A risky pattern is building data inside a small scope and using a slice outside that scope.
var slice: []const i32 = undefined;
{
const values = [_]i32{ 1, 2, 3 };
slice = values[0..];
}
_ = slice; // wrongThe array values exists only inside the block. After the block ends, slice points to invalid memory.
The scope where storage is created matters.
Slices and defer
defer is often used with allocations.
const buffer = try allocator.alloc(u8, 1024);
defer allocator.free(buffer);This means the buffer is valid until the current scope exits.
Any slice into that buffer is also valid only until the current scope exits.
const first_half = buffer[0..512];
const second_half = buffer[512..1024];Both slices become invalid when allocator.free(buffer) runs.
You should not return first_half or second_half from the function unless you also transfer ownership in a clear and correct way.
A Function Should Document Lifetime Through Its Shape
Zig does not have lifetime annotations like some languages.

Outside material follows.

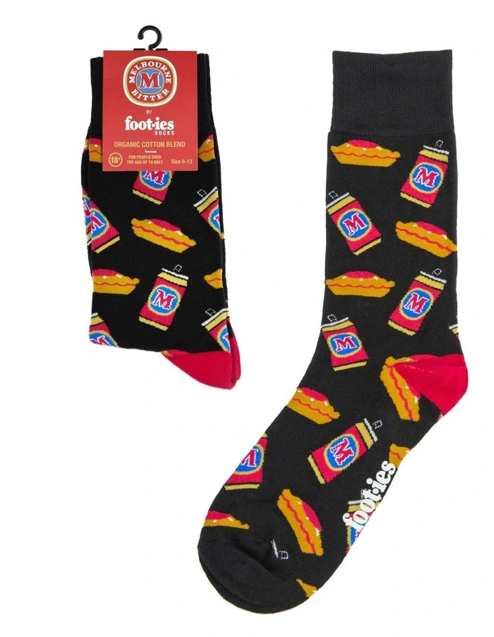 Officially licensed by CUB, these Foot-ies X Melbourne Bitter Novlety socks use a premium blend of organic cotton, polyamide and elastane fabrication with a market leading 200 needle construction. Finer, more durable and luxuriously comfortable. These socks are a crew fit with comfort heal gusset to ensure they stay in place. Australian owned and designed warm machine wash for best results to keep your Melbourne Bitter colours vibrant!

Instead, you design function signatures that make ownership clear.
This function borrows:
fn parse(input: []const u8) void {
_ = input;
}The caller owns input.
This function fills caller-owned output:
fn formatNumber(buffer: []u8, value: i32) ![]u8 {
return std.fmt.bufPrint(buffer, "{}", .{value});
}The returned slice points into buffer.
This function allocates:
fn formatNumberAlloc(allocator: std.mem.Allocator, value: i32) ![]u8 {
return try std.fmt.allocPrint(allocator, "{}", .{value});
}The caller owns the returned slice and must free it.
These three shapes are different:
fn parse(input: []const u8) void
fn formatNumber(buffer: []u8, value: i32) ![]u8
fn formatNumberAlloc(allocator: std.mem.Allocator, value: i32) ![]u8Each one tells a different lifetime story.
Common Lifetime Patterns
Borrow input:
fn countLines(text: []const u8) usize {
var count: usize = 0;
for (text) |byte| {
if (byte == '\n') {
count += 1;
}
}
return count;
}Fill caller-provided output:
fn writeGreeting(buffer: []u8, name: []const u8) ![]u8 {
return std.fmt.bufPrint(buffer, "Hello, {s}", .{name});
}Return static data:
fn fileExtension() []const u8 {
return ".zig";
}Return allocated data:
fn makeGreeting(allocator: std.mem.Allocator, name: []const u8) ![]u8 {
return std.fmt.allocPrint(allocator, "Hello, {s}", .{name});
}Each pattern is valid. The important part is that the memory source is clear.
Complete Example
const std = @import("std");
fn firstWord(text: []const u8) []const u8 {
for (text, 0..) |byte, index| {
if (byte == ' ') {
return text[0..index];
}
}
return text;
}
fn makeCopy(allocator: std.mem.Allocator, text: []const u8) ![]u8 {
const copy = try allocator.alloc(u8, text.len);
@memcpy(copy, text);
return copy;
}
pub fn main() !void {
const allocator = std.heap.page_allocator;
const text = "hello zig";
const word = firstWord(text);
std.debug.print("first word: {s}\n", .{word});
const copy = try makeCopy(allocator, word);
defer allocator.free(copy);
std.debug.print("copy: {s}\n", .{copy});
}The function firstWord returns a slice into text. It does not allocate.
The function makeCopy allocates new memory and copies the text.
The caller must free the result of makeCopy.
Summary
A slice is valid only while the memory it points to is valid.
Do not return a slice to a local array.
Do not use a slice after its allocation has been freed.
Be careful when storing slices in structs.
Use []const T for borrowed read-only input. Use []T for borrowed mutable input. Return allocated slices only when ownership is clear.
When reading Zig code, always ask: who owns this memory, and how long does it live?